第325回 レッスンへのおさそい
昨日は久しぶりに一日ゆっくり、外を散策して過ごしました。沈丁花の香りを感じ、鶯の鳴き声を聞き、小さなつぼみが膨らんできた桜の枝を眺めながら、うららかな風を受けて一歩一歩、大切に歩きました。確かな春の息吹を全身に感じるとき、素晴らしく変化に富んだ、自然のうつろいそのものが芸術であるような日本という国に生きていることを、心から嬉しく思うのです。
この時期は、新学期に向けて、さまざまなお教室の広告チラシもよく目にする頃でもありますが、そういえば自分のピアノ教室の広告をまったく考えていないな、ということに、ふと気づきました。演奏活動をしながらのピアノ教室なので、もともと楽器店の教室のようにはたくさんの生徒さんをレッスンすることが出来ないのですが、それにしてもチラシを作るとか、もう少しコマーシャルもしなくていいのかしら。曜日によっては、レッスン枠にまだ空きがあるのだし…。
と、表では(?)気にしつつ、実際にはほとんど実行する気がないのでした。だって、今すでに、数は多くないけれど素敵な生徒さんたちに、本当に恵まれているのですもの。左団扇で生活できるようなレベルではありませんが、車が欲しい、とか、ブランドのお洋服が欲しい、なんて分不相応な贅沢を望まなければ、なんとか女一人生きていくに足るだけの収入もあるのだし。あ、それだけではありません。昨日のようにのんびりとお散歩したり、たまに会って日頃感じていることや、悩んでいることなどについて、とことん語り合える友人と過ごす“楽しい時間”、という、何より贅沢なものも、ちゃんとあるのです。
一度、びっくりしたことがありました。過去に出した広告をみて、体験レッスンを受けに来られた方だったのですが、レッスンを受けた後、4歳のお嬢さまにお母様が、こともあろうに「○○ちゃん、どうする?この先生にする?他の先生にする?」と、聞いたのです。
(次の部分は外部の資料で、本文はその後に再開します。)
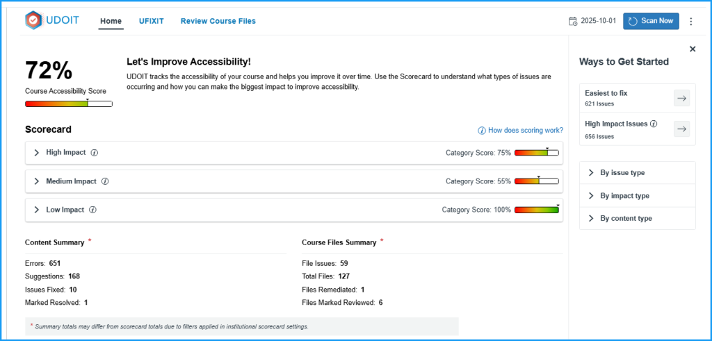 Use the Scan Now button in any of UDOIT’s three sections (Home, Ufixit, Review Files) to manually scan a course. A UDOIT Scan will return both accessibility errors, and suggestions for possible issues to check.

別に、今その場での決断を迫ったわけでは勿論ないのに、私の目の前でそれを聞かなくても…、ということにも違和感を覚えたのですが、4歳のお嬢さまにそれを決めさせるということはそれ以上の驚きでした(この“事件”については、実は数年前のこのエッセイで『子供が決めるの?』というタイトルでお話ししているのですが)。
中学生くらいになって自我も出てきて、ある程度経験もある子供ならまだしも、弱冠4歳の、これからピアノをはじめる子供に決めさせるなんて。それとも、それをおかしいと感じる私の方がおかしいの?…混乱と軽いカルチャーショックを感じたのを覚えています。判断できない子供を、きちんと責任を持って導いてあげるのが教育だし、大人の役目の一つだと認識していたので…(結局、その4歳の子は「他の先生」を選んだようで、内心ホッとしてしまったのですが)。
コンサートや、CDを聴いて私を知って下さったり、このホームページから共感してアクセスしてくださる生徒さんのなかには、もう長い年数にわたって、公私ともども(?)よいお付き合いをさせて頂いている方もいらっしゃいます。ピアノのレッスンを通して、人生、家族、夢など、様々なことについて感じることが深まったり、プロとかアマチュア、あるいは先生と生徒、といったカテゴリーを超えて、ざっくばらんに話し合うことができた時、“芸術”、“音楽”、そして“ピアノ”を限りなく愛するもの同志、豊かな時間を共有できる幸せを覚えるのです。チラシのような広告で、不特定多数の方に私の、この不器用にしてどうにも一途な(?)、音楽への情熱をお伝えするのは、とても難しい…。少なくとも、私の稚拙な文章力では、とてもそんなこと出来そうにありません。実は、広告チラシに消極的になってしまう本当の理由は、このあたりなのです。
私にとって生徒さんとのレッスンは、じっくりと時間をかけ、自分と向きあい、一対一のコミュニケーションの中で対話しながら自分の表現を見いだし、感じ取り、作り上げて行く、芸術の発明・製作・体験の現場です。そこは、戸惑い、緊張、、試行錯誤、考察、挫折、克服、達成、感動、幸福…それはそれは色々な感情や経験のるつぼなのです。
生徒さんには上手く弾くことよりも、四季をもたらす自然の大きなチカラにも似た音楽の息吹を深く感じ、それを本当の意味で楽しむことを学び取って、無限の幸せ感(ちょっとオーバーですが、そう感じることがあるのです)を育んで欲しい…。そんなことを願いながら、日々レッスンに励んでいます。時々テンションが上がりすぎてしまうのがたまにキズ、なのですが。